It’s about time In our society, as well as in my personal life, we have an idea of what it means to “use time in the best way”. This often means doing more, producing more, working harder and improving in a linear way. But life, I believe, is more of a process then a collection of products. Life happens all the time. It’s not linear and it’s not always going forward, and in life, sometimes “more” can mean different things. This work is dealing with ways of relating to time. from being in the speed of our busy city inviruments to experiencing the slowness of vast and endless nature landscapes.
Dance and Concept: Shai Faran | Music: Yehezkel Raz
BÁRBARA HANG & ANA LAURA LOZZA
Lab: July 30 & 31, 10-16h
Performance: July 31, 20h / BÁRBARA HANG & ANA LAURA LOZZA / CONSUMATION
Things to do, together Departing from the research process of CONSUMATION, this workshop proposes a space to explore the power of a common action with its difficulties and satisfactions. We will share different materials from our investigation, create and activate new scores and actions as a group. We will tune into a choreographic doing that insists on bringing attention to the materials we are working with to become sensitive to what they tell us; to their relationships and to everything we know and don’t know about them. We want to suspend the impulse to “solve” and stay together with the problems to let the choreography reveal itself to us as something yet unknown.
CONSUMATION is a performance-ritual of collective cleansing that transforms the daily action of washing hands into an experience of group attention. This performance proposes an intimate space to rediscover the time of the transformation of matter and the transformation of time in a multidirectional space. Which other in-visible ways of being together do we have? What is the potential of the excess? CONSUMATION is part of the research project “The fragility of (in)significant things”, that through a series of choreographic and performative studies, explores the relation between bodies and things in the context of diminishing planetary resources.
Performance by and with: Ana Laura Lozza and Bárbara Hang | Dramaturgical Advice: María Jerez, Janaina Carrer, Rosa Casado
BARBARA BERTI
Lab: August 2 & 3, 10-16h
Performance: August 7, 20h / Double Bill: BARBARA BERTI / DOGOD. The Situation (20h) & ARELI MORAN / La postal de nuestra existencia (21h)
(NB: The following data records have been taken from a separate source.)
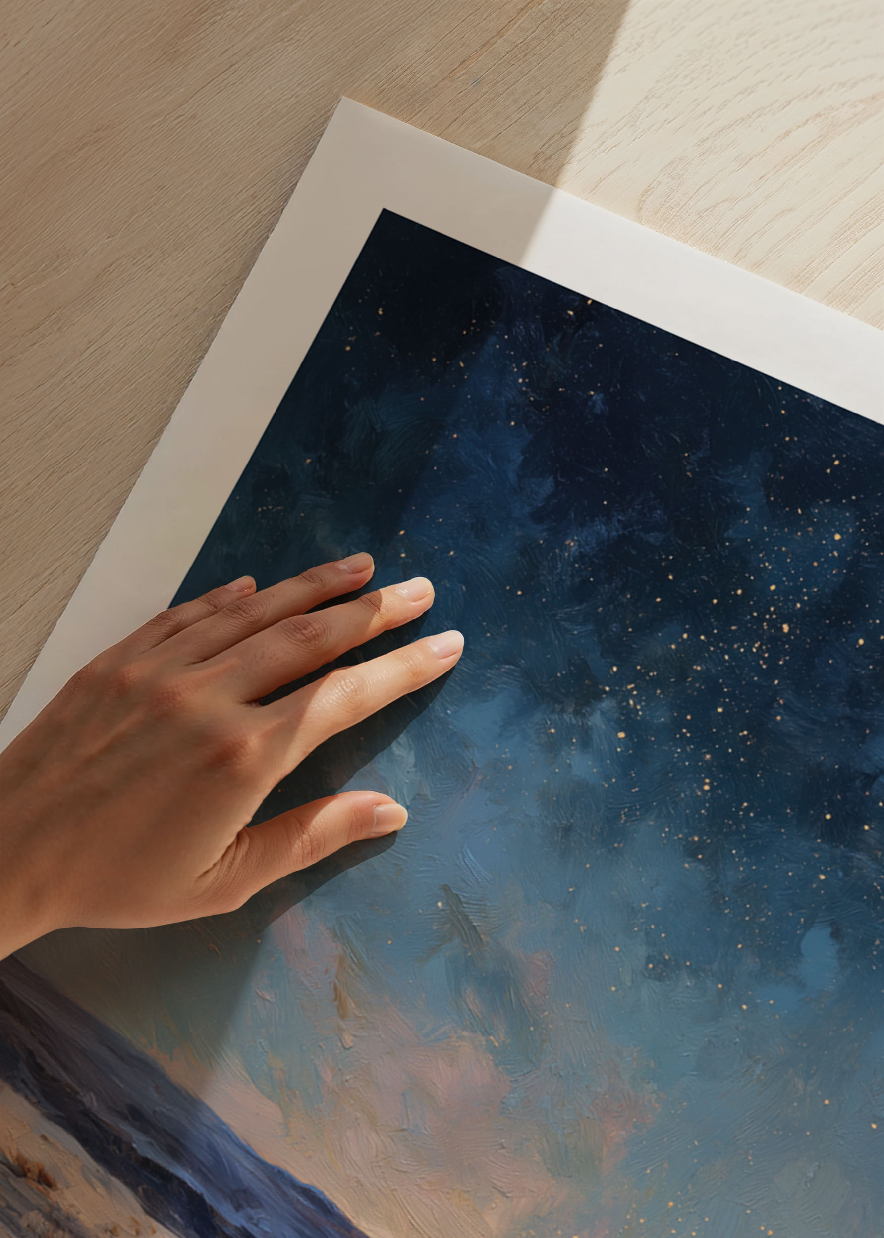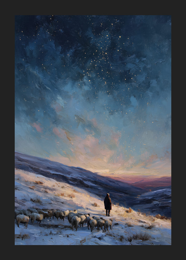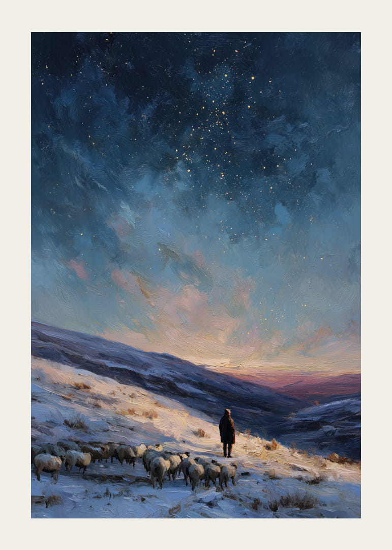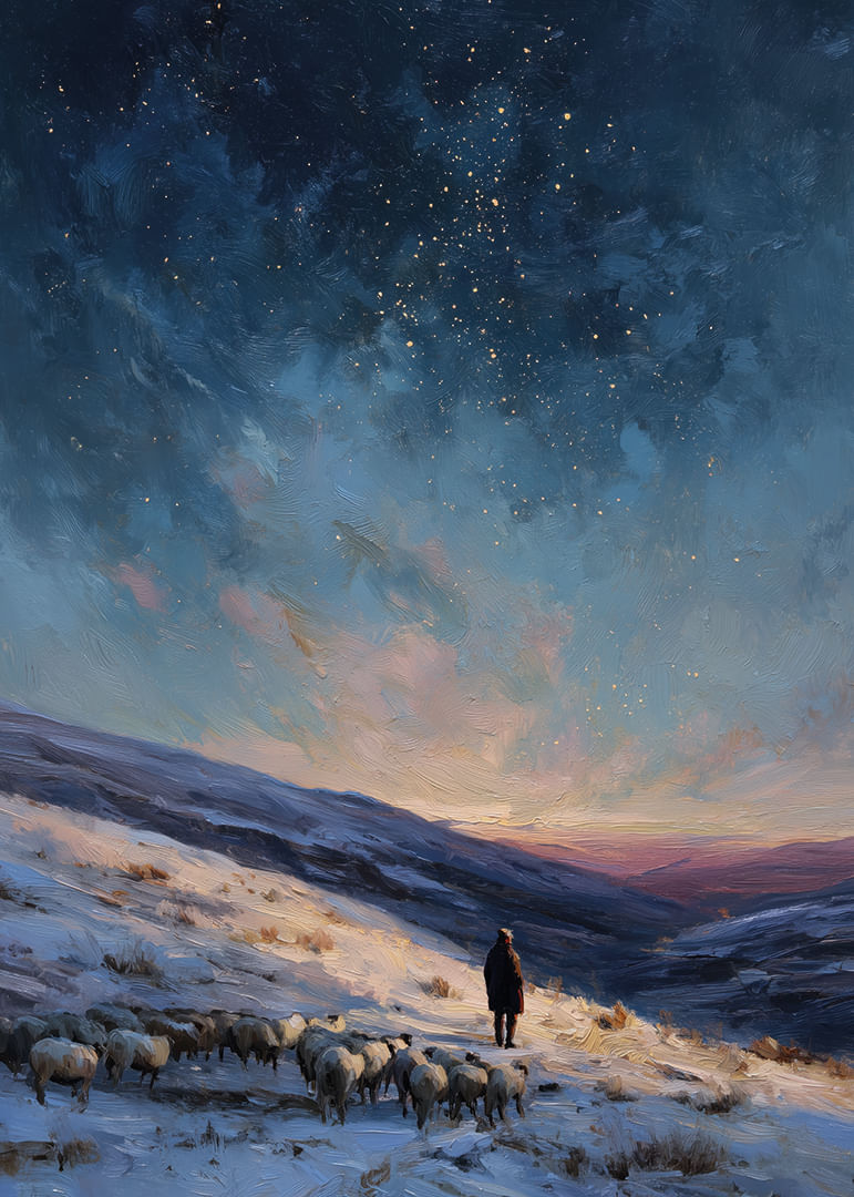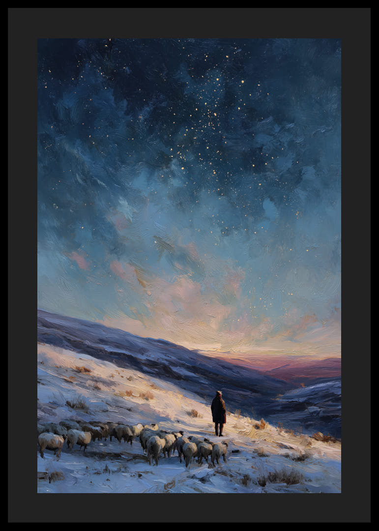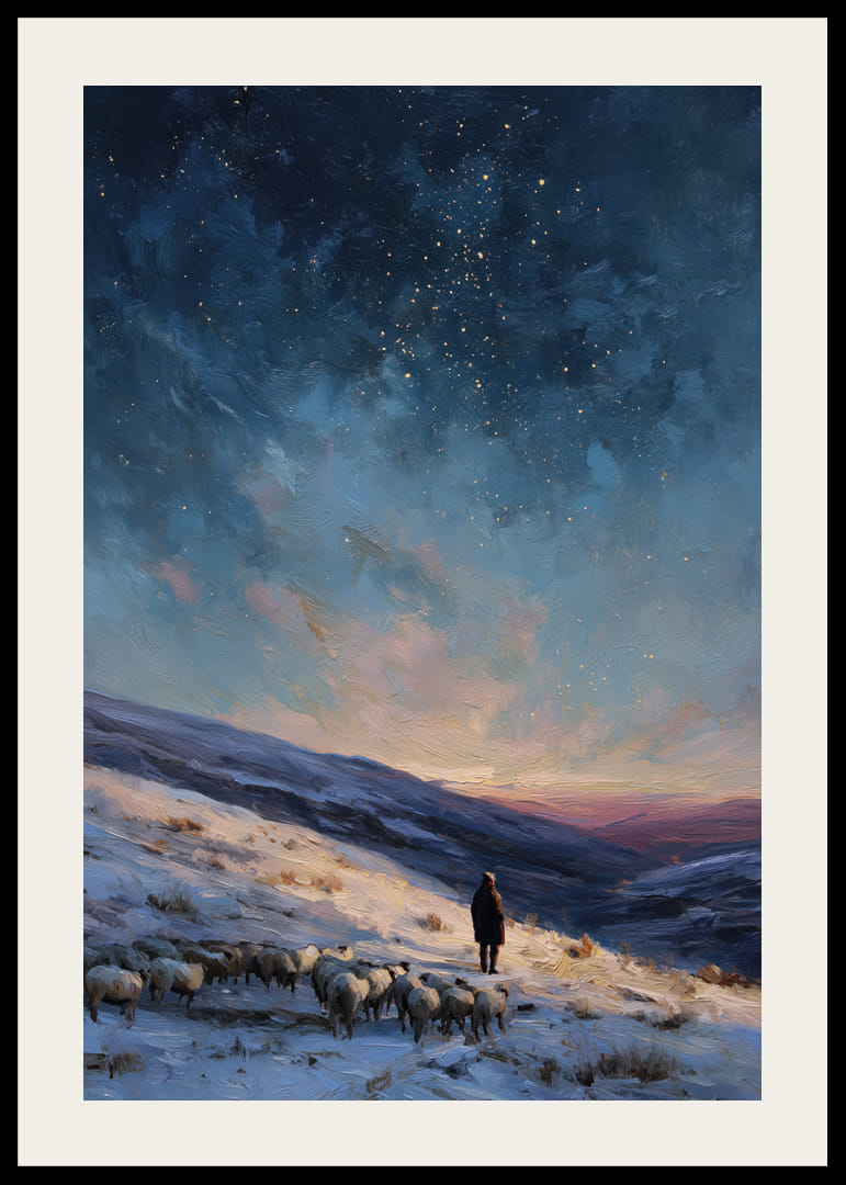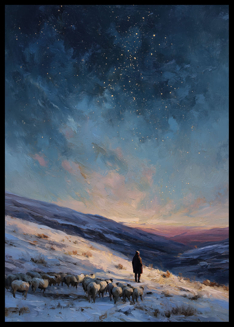 Under en gnistrande stjärnhimmel leder en ensam herde sina får genom det vinterklädda landskapet. Den djupa blå skyn möter ett stilla ljus vid horisonten, vilket skapar en känsla av lugn och frihet. Denna poster fångar ett magiskt ögonblick där naturen och människan förenas. Perfekt för att ge en känsla av ro och eftertanke i ditt hem.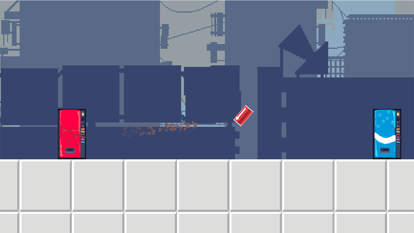 Control a can of cola, spray out soda, and reach the target through differect mechanisms before all soda is depleted.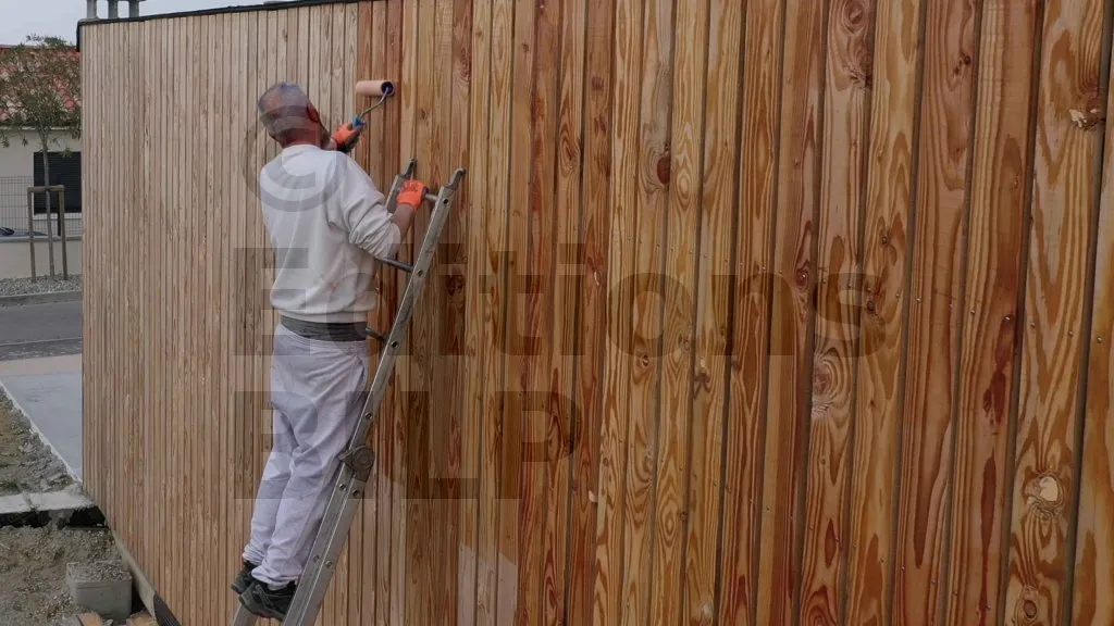 Appliquez une peinture comme traitement protecteur contre les intempéries et les rayons UV sur les bardages pour en prolonger la durabilité. Assurez-vous que la surface du bardage est lisse pour une meilleure adhérence de la peinture. Dans notre cas, nous avons déjà effectué le rabotage du bardage avant sa pose (voir les étapes préparatoires).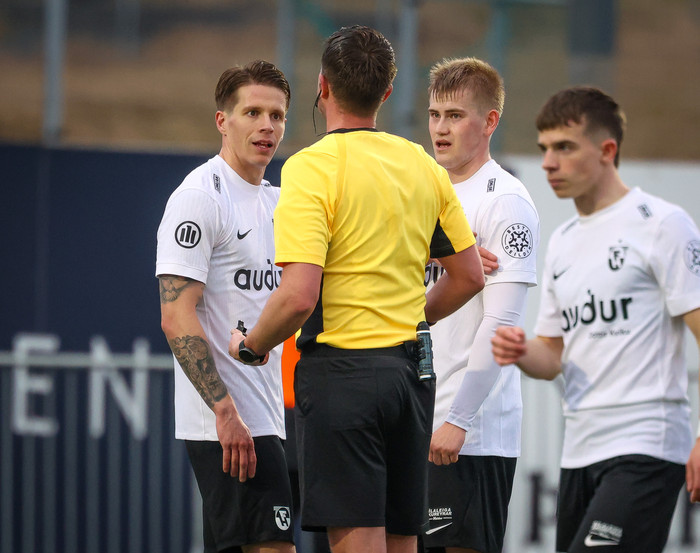 „Þetta er vítaspyrna eða hvað? Nei segir Vilhjálmur Alvar. Tómas Orri fer þarna niður í teignum, Vilhjálmur Alvar vel staðsettur. Tómas kemur á blindu hliðina og þetta er klaufalegt hjá Örvari Loga, mér sýnist hann reka sig aftur í hælinn á Tómasi Orra. Þarna eru Stjörnumenn heppnir að mínu mati, hefði alveg verið hægt að dæma víti," sagði Kristinn Kjærnested sem lýsti leiknum á Stöð 2 Sport í gær.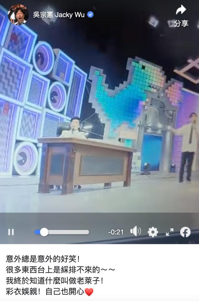 近日,吴宗宪本人在个人社交平台晒出一段自己在录制节目的过程中意外摔倒的视频,并配文强调“意外总是意外的好笑,很多东西台上彩排不来”,引起网友们热议。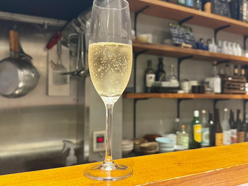 歩き回って喉も乾いてたので、とりあえず炭酸系ということでスパークリングワインをいただきました。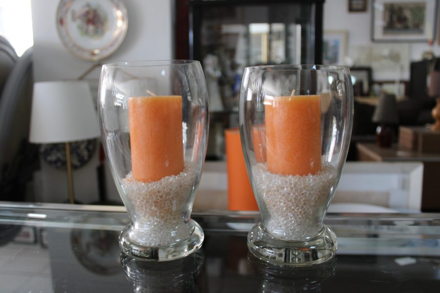 Two Matching Glass Candle Jars 17cm High 9cm Diameter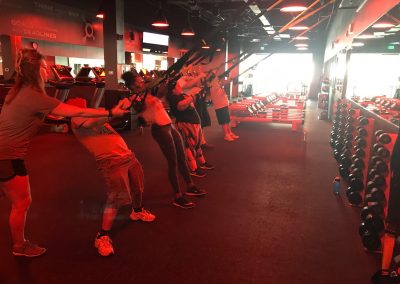 …and it’s not just the lighting! Warriors are working to get their heart rates elevated to the orange zone with help from Coach K at Orangetheory Fitness Oak Park!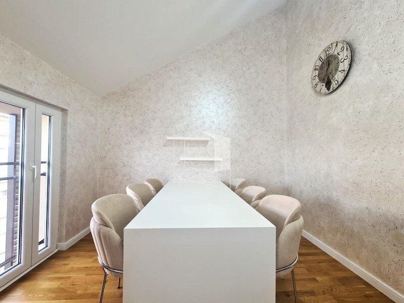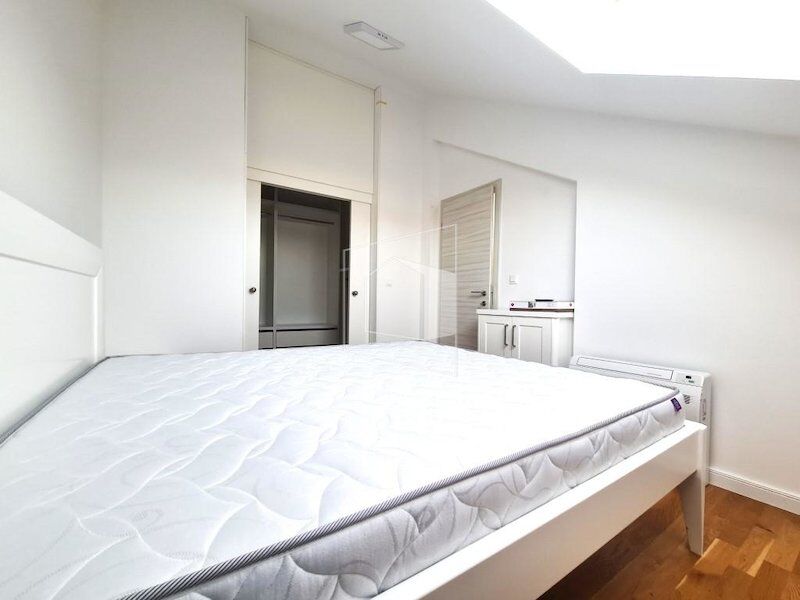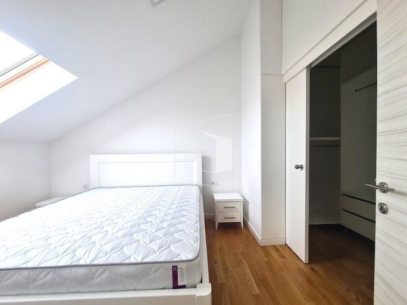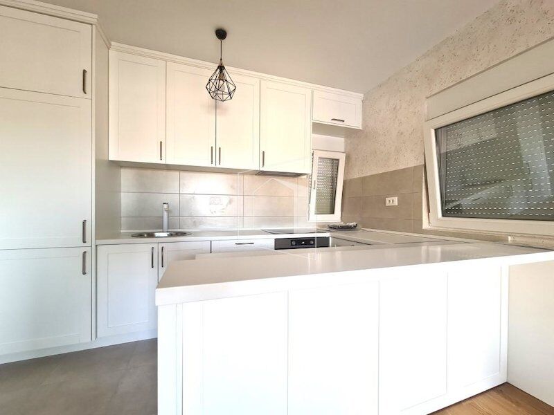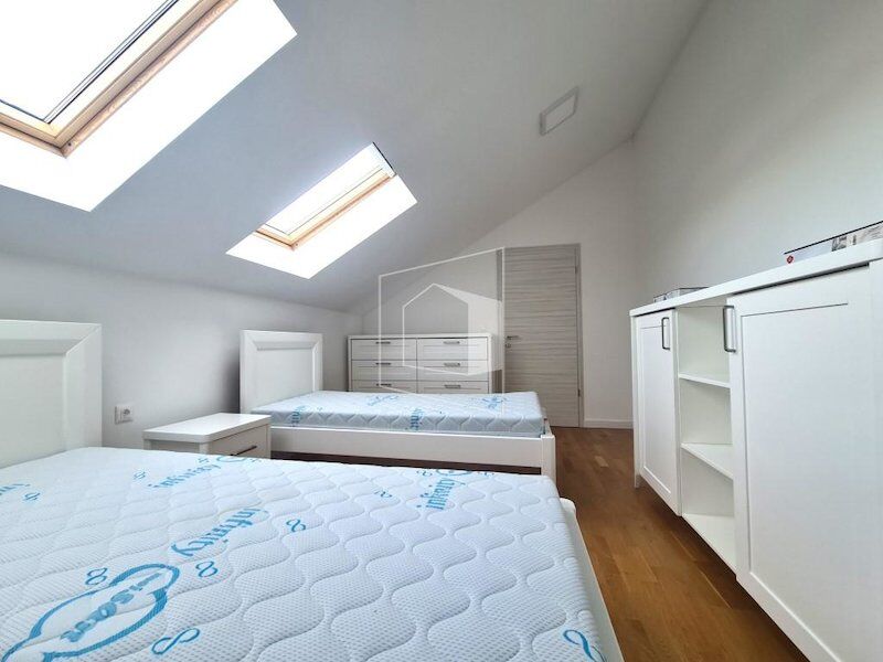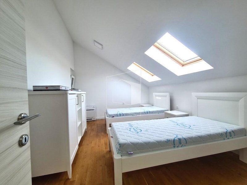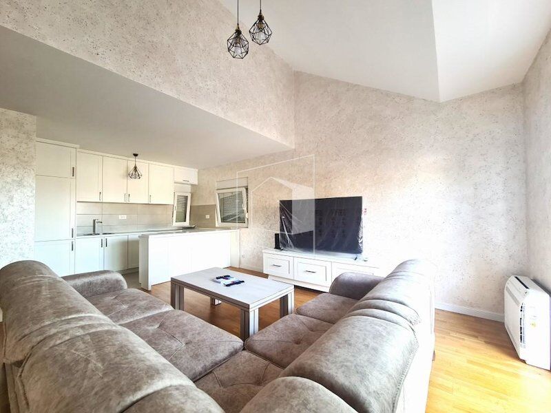 Three-room furnished duplex for sale, 110m2 at the foot of Ljubović hill in Podgorica. The apartment is located on the 5th floor of a newly built building, Cijevna komerc. The building has an elevator, a decorated entrance. Southwest oriented. Structure of the lower level: entrance hall, spacious living room with dining room and kitchen, terrace, bedroom and bathroom. Structure of the upper level: two bedrooms and a bathroom. The apartment has an excellent structure, fully equipped with new furniture and appliances. It has a multisplit air conditioning system. There is a possibility of buying a garage space. It is located behind the Chinese Embassy, in the immediate vicinity of Ljubović Hill, near an elementary school, kindergarten, hypermarket and other amenities.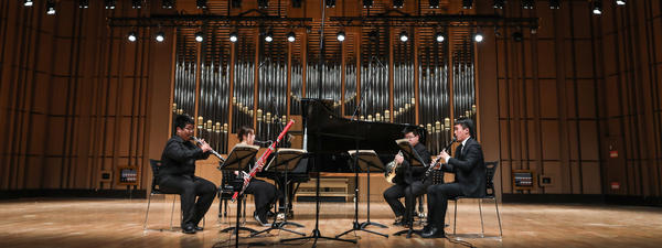 音乐会在宁峰与黄秋宁两位演奏家联袂演奏的贝多芬F大调第五小提琴与钢琴奏鸣曲《春天》中拉开帷幕。两位演奏家的演奏珠联璧合,音色华丽而不失优雅,征服了在场的每位观众。随后,田益民、王晓通、郑欣、田泽辉和盛义淳5位同学为观众带来W.A.莫扎特的《降E大调钢琴木管五重奏》,高水平的演奏将莫扎特特有的活泼灵动发挥得淋漓尽致。中场休息后,宁峰、刘瓅元两位演奏家带来了亨德尔的《帕斯卡利亚舞曲》,中提琴与小提琴在两位演奏家的手中,音色和谐且各具特色,令观众们醉心其中。王宇萌、杨双祎、张馨日3位同学演奏的W.A.莫扎特谱的《降E大调单簧管、中提琴、钢琴“卡格斯塔特”三重奏》也相当精彩,音乐风格鲜明、表现形象生动。音乐会最后一部作品,是由邵润泽、杨晨阳、倪汉文、陈珂然和王心宇5位同学演奏的舒曼《Piano Quintet in E flat Major》(Op.44),优美的乐曲在音乐厅回荡共鸣,感染力十足。

Dance of the being The research is founded on body presence, shared movement, and spoken language examining and generating spaces of intersubjectivity, through which the boundary between the self and the other is blurred. Using embodied movement practices & including the perception of others, the work involves participants in a subtle space of listening, working with attention and intersubjectivity, towards inclusion. The workshop is a space where non-human animals and human animals could come together in a shared and co-habitated embodiment of knowledge and exchange. Specifically: dogs and their owners and everyone that is interested to work with nonhumans can participate.
DOGOD. The Situation Barbara Berti begins the creation process with an audition for dogs. Together with Rocio Marano, Marco Mazzoni, the performance brings the human animal and the non-human animal together in a safe environment that contemplates different perceptions. Ideas of fun, play, and fighting induce participants to navigate instantaneous and interactive choreographic flows. The performers map and structure the space both through intimate acts of presence and the positioning of objects; blurring the boundary between animate and inanimate and continuously deconstructing the ‘situation’. The Situation draws on Donna Haraway’s suggestion to rethink the relationship between species and to “be able to join another, to see together without pretending to be another”. It assumes the unpredictable and insecure threshold in which the continuous construction and destruction of a place is both relational and empathetic. Within it, physicality is a radar, a language to communicate spatially. An expression of the territory and not of identity.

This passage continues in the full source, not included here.